__Exercise prompt__
Take the lines from the head of the listing through the one bearing "T-Shirt Unisex Promozionale" and copy them exactly, leaving every picture out.

__Dataset extract__
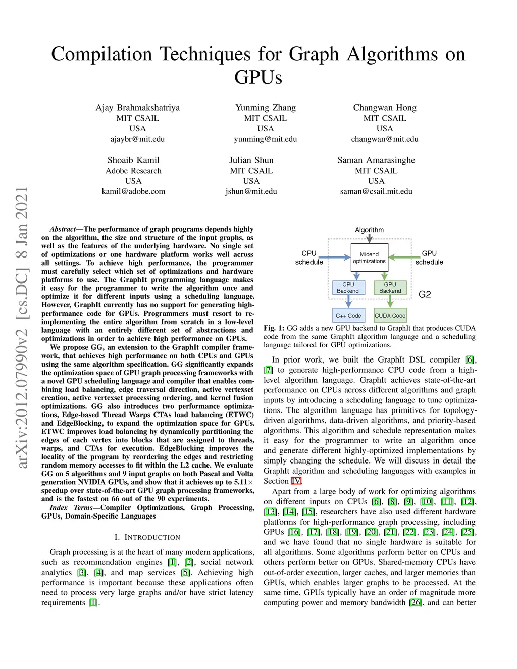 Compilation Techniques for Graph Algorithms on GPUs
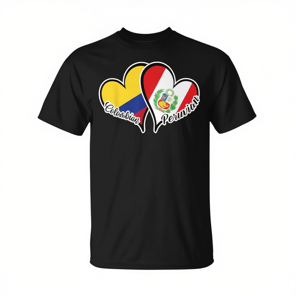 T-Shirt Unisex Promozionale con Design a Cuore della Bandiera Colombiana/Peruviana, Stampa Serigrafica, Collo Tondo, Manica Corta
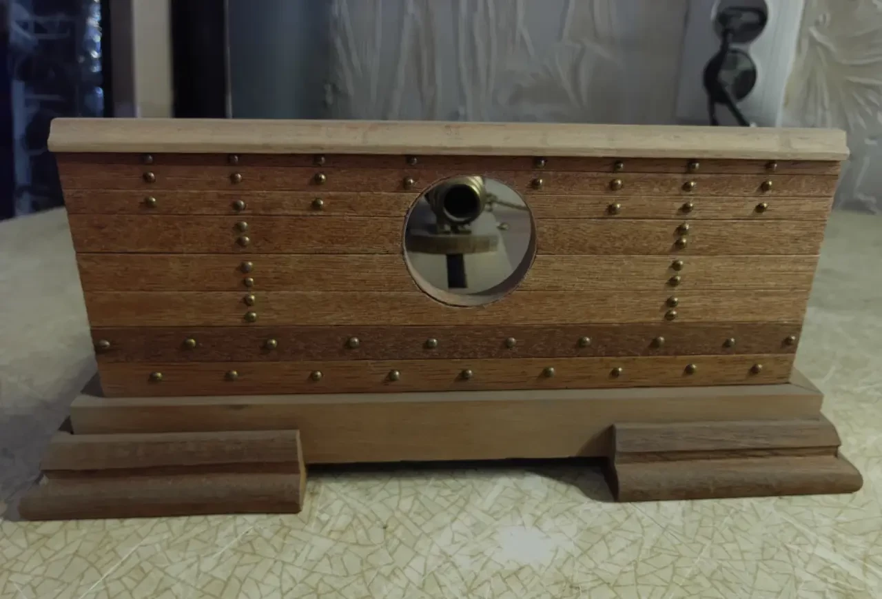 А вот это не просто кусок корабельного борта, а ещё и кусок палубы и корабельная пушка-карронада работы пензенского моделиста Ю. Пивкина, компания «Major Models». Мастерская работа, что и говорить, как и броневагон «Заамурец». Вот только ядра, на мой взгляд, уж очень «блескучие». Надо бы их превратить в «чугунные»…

__Solved exercise__
 Compilation Techniques for Graph Algorithms on GPUs
 T-Shirt Unisex Promozionale con Design a Cuore della Bandiera Colombiana/Peruviana, Stampa Serigrafica, Collo Tondo, Manica Corta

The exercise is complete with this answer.